Task item –
Set down the whole listing below exactly. The pictures stay out.

Dataset excerpt –
'''

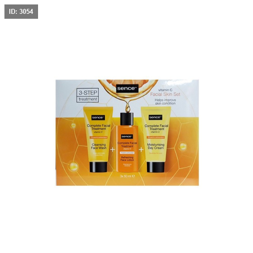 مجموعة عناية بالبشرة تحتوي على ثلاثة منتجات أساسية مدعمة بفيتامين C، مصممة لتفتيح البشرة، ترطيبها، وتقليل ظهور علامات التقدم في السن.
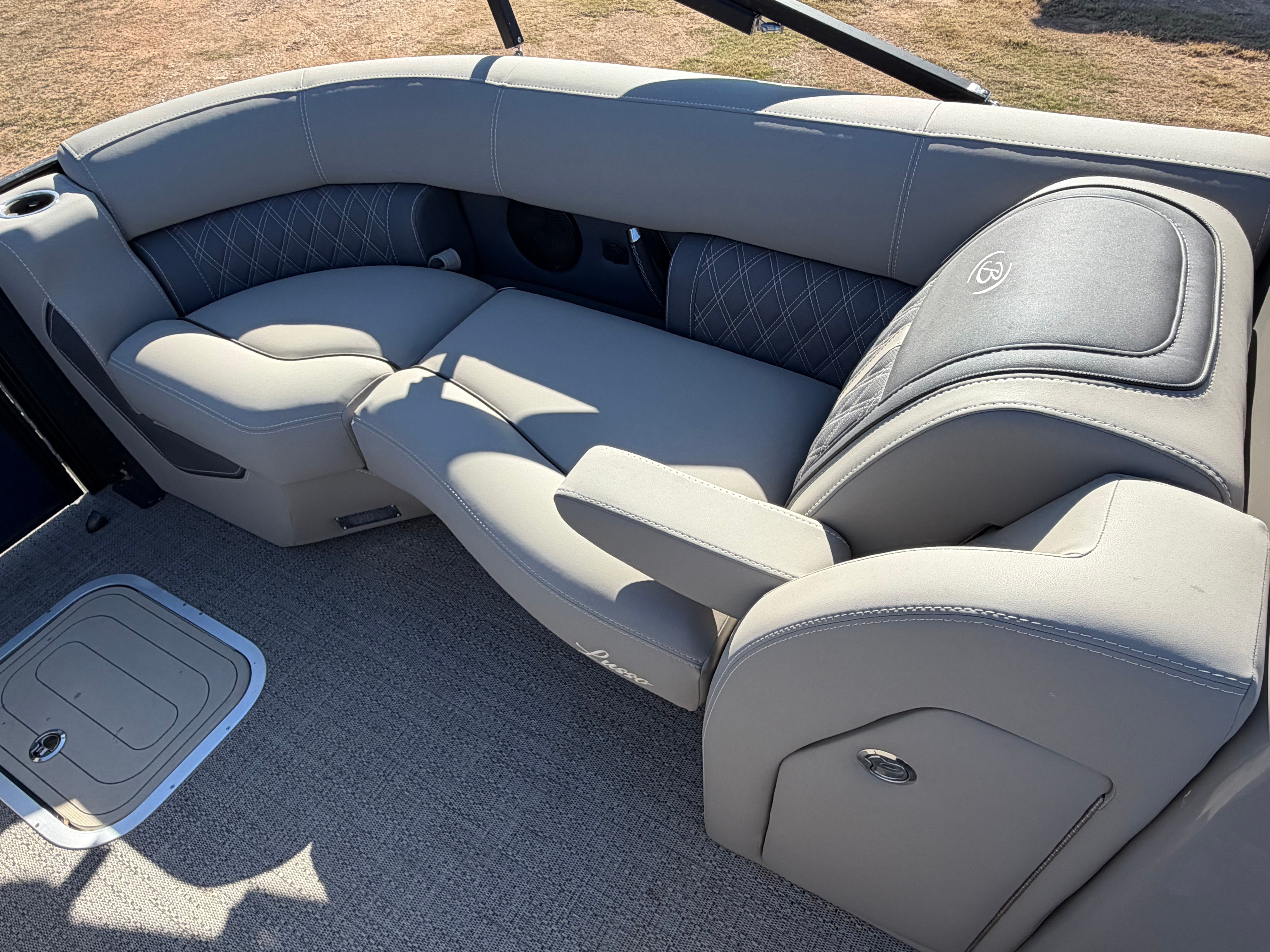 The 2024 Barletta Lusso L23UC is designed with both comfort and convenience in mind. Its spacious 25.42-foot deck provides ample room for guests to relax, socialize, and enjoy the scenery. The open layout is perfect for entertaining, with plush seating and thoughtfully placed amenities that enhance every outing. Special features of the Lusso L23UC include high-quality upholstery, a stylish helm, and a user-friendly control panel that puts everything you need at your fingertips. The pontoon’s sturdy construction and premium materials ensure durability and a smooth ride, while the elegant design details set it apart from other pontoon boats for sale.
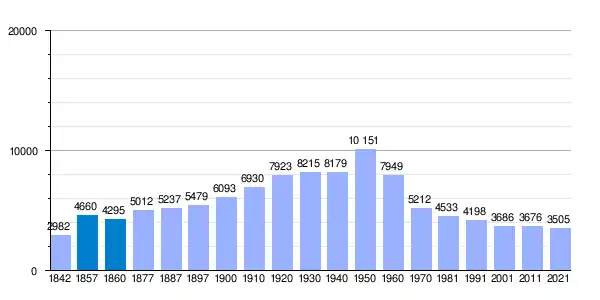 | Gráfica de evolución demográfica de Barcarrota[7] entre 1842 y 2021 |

'''

Task solution –
 مجموعة عناية بالبشرة تحتوي على ثلاثة منتجات أساسية مدعمة بفيتامين C، مصممة لتفتيح البشرة، ترطيبها، وتقليل ظهور علامات التقدم في السن.
 The 2024 Barletta Lusso L23UC is designed with both comfort and convenience in mind. Its spacious 25.42-foot deck provides ample room for guests to relax, socialize, and enjoy the scenery. The open layout is perfect for entertaining, with plush seating and thoughtfully placed amenities that enhance every outing. Special features of the Lusso L23UC include high-quality upholstery, a stylish helm, and a user-friendly control panel that puts everything you need at your fingertips. The pontoon’s sturdy construction and premium materials ensure durability and a smooth ride, while the elegant design details set it apart from other pontoon boats for sale.
 | Gráfica de evolución demográfica de Barcarrota[7] entre 1842 y 2021 |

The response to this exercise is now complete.